It also encodes a hard rule for the bot:
- Always reply in the **users input language** (English / Spanish / French / Catalan), with a short clarification if the users message is too short to detect.
Regenerate from a local Instagram export folder:
- `python3 -m sergio_instagram_messaging.generate_voice_dna --export-input /path/to/export-root --out voice_dna/voiceDNA_socialmediatorr_insta_dm.json --owner-name "Sergio de Vocht" --window-months 6`
## Ready Replies (Top 20)
Multi-language ready-made answers for the Top question topics (aligned to the VoiceDNA language-mirroring policy):
- `reply_library/top20_ready_answers.json` (programmatic)
- `reply_library/top20_ready_answers.md` (copy/paste)
## Webhooks (new messages → auto-reply)
Meta webhooks are two steps:
1) App subscription (`/{app_id}/subscriptions`) — sets callback URL + verify token + fields.
2) Page subscription (`/{page_id}/subscribed_apps`) — attaches the Page/IG inbox to the app.
The production webhook endpoint exists at:
- `https://emo-social.infrafabric.io/meta/webhook`
### Subscribe the Page to the app (required for message delivery)
This requires a Page access token that includes `pages_manage_metadata`.

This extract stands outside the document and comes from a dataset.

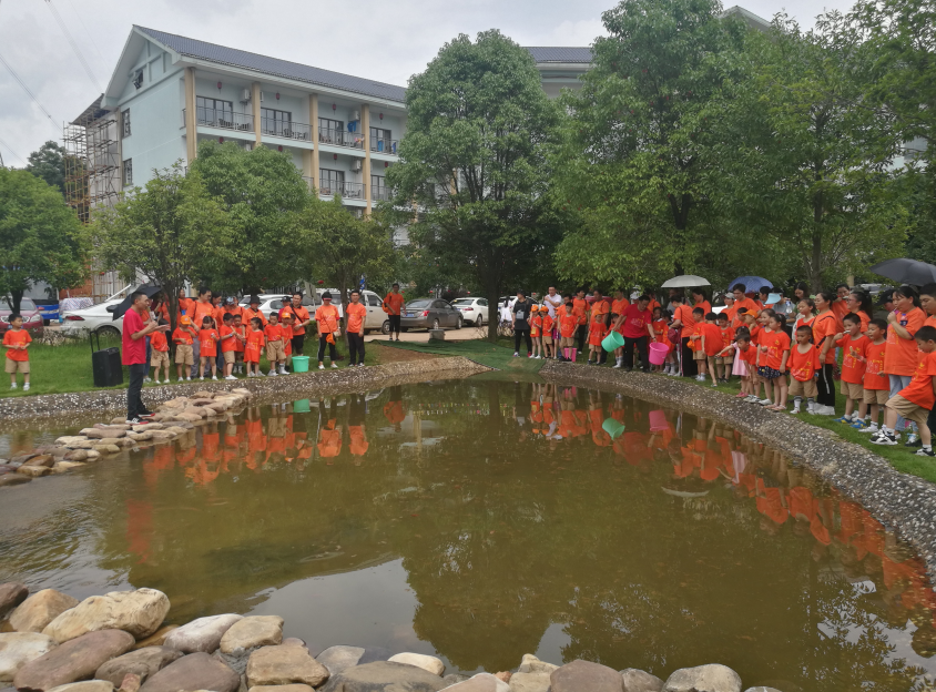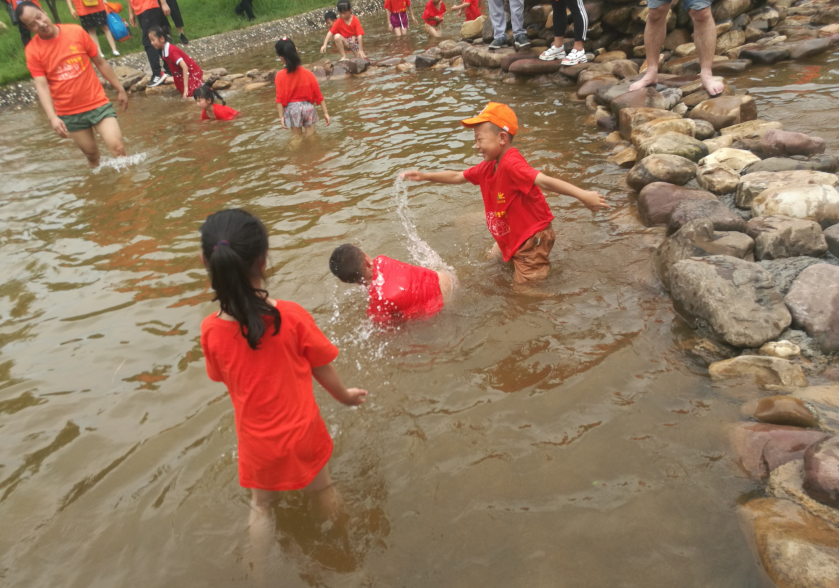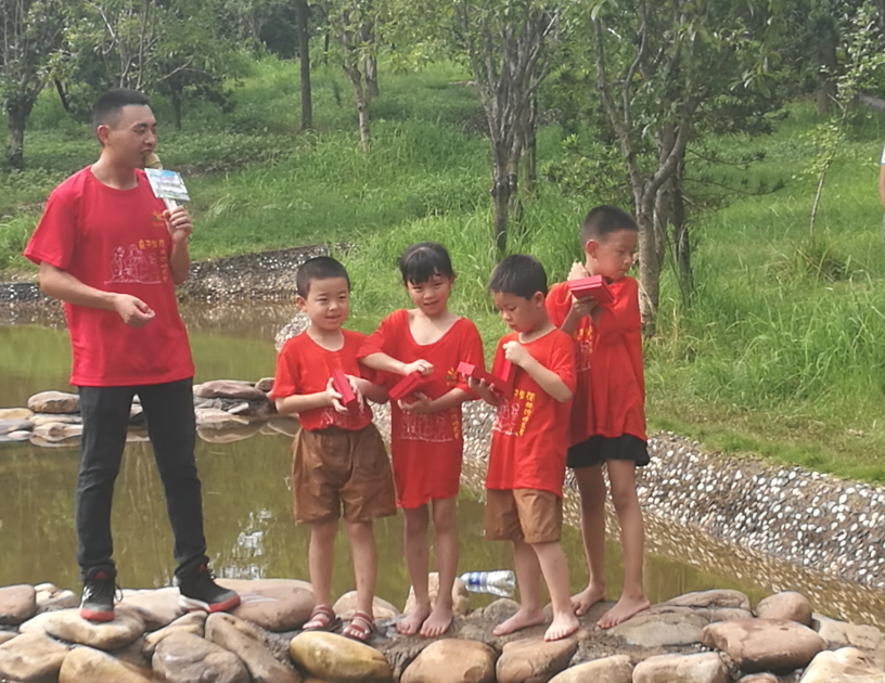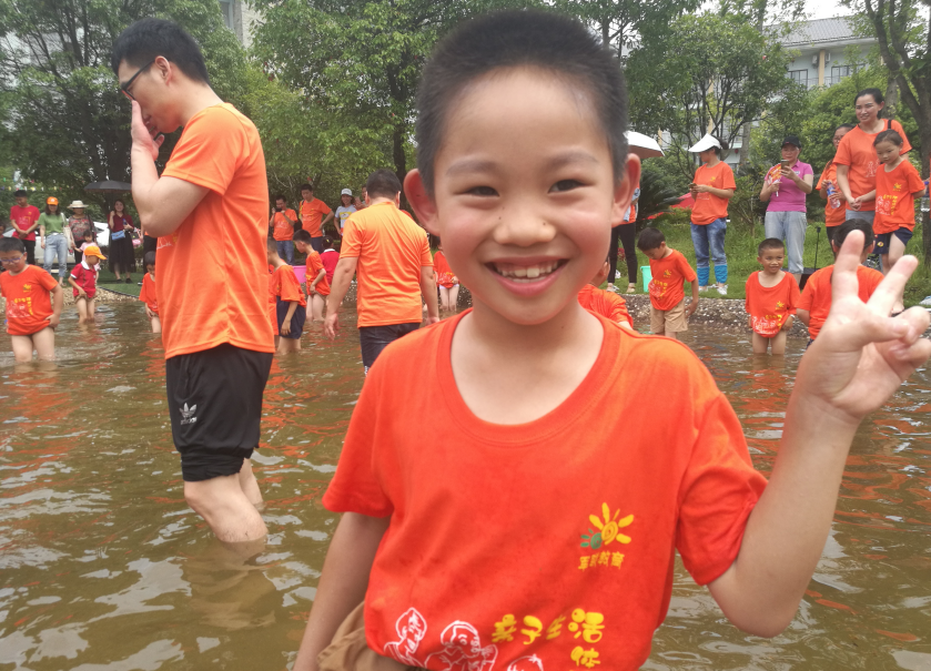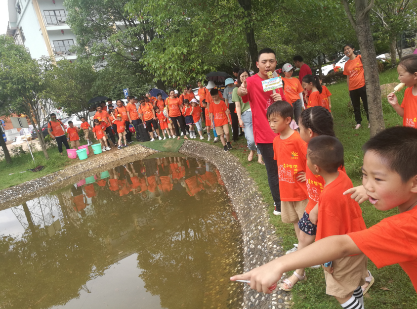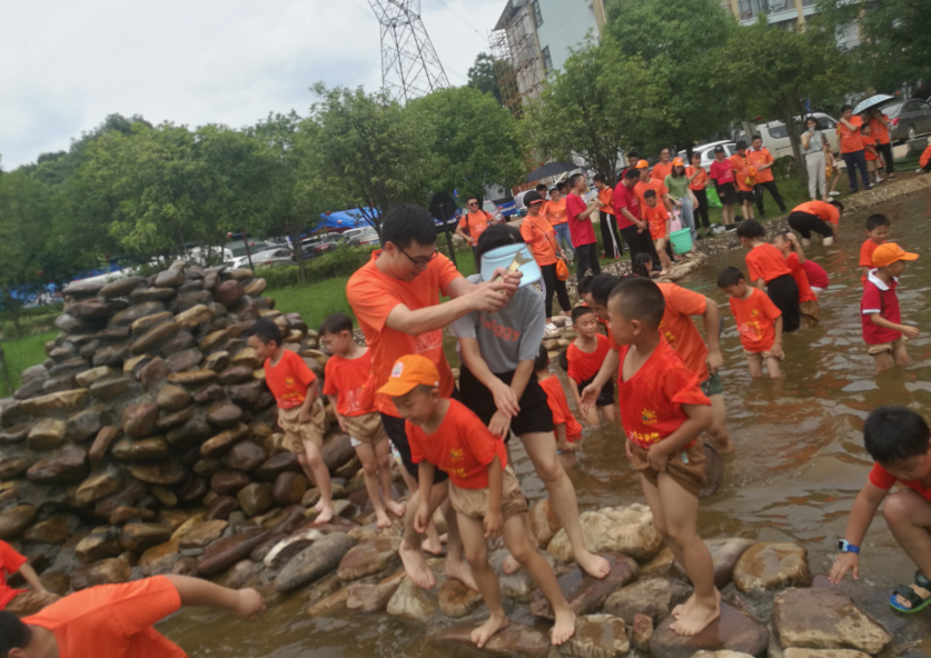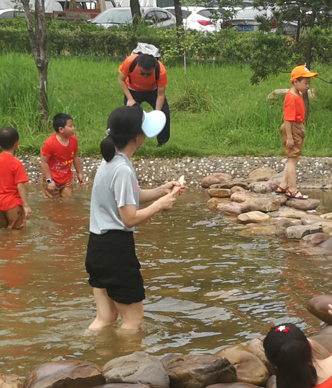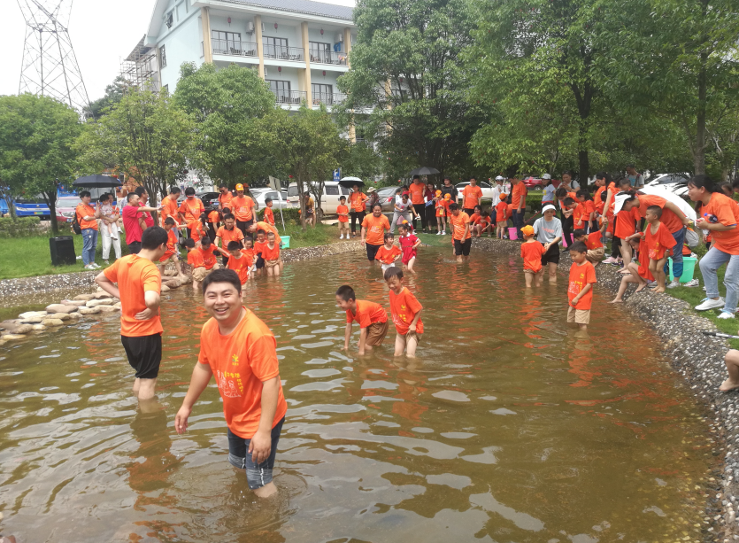 骄阳似火亦如家长与孩子们兴高采烈的心情,开心的时光总是过的很快,转眼来到了我们快乐营的最后一个环节——浑水摸鱼!每个孩子跟家长都迫不及待想下到水中抓住那成群结队嚣张游走的鱼。在教官说明游戏规则以及注意事项后,一声令下,真人版的捕鱼达人在军联明月山庄的揽月池中上演。

Device login with that scope:
- `cd /root/ai-workspace/emo-social-insta-dm-agent && python3 -m sergio_instagram_messaging.meta_device_login start --scope pages_show_list,pages_read_engagement,instagram_manage_messages,pages_manage_metadata`
- After authorizing in the browser, poll and write tokens:
- `cd /root/ai-workspace/emo-social-insta-dm-agent && python3 -m sergio_instagram_messaging.meta_device_login poll --write-page-token --target-ig-user-id 17841466913731557`
Then subscribe the Page:
- `cd /root/ai-workspace/emo-social-insta-dm-agent && python3 -m sergio_instagram_messaging.meta_subscribe_page subscribe --fields messages`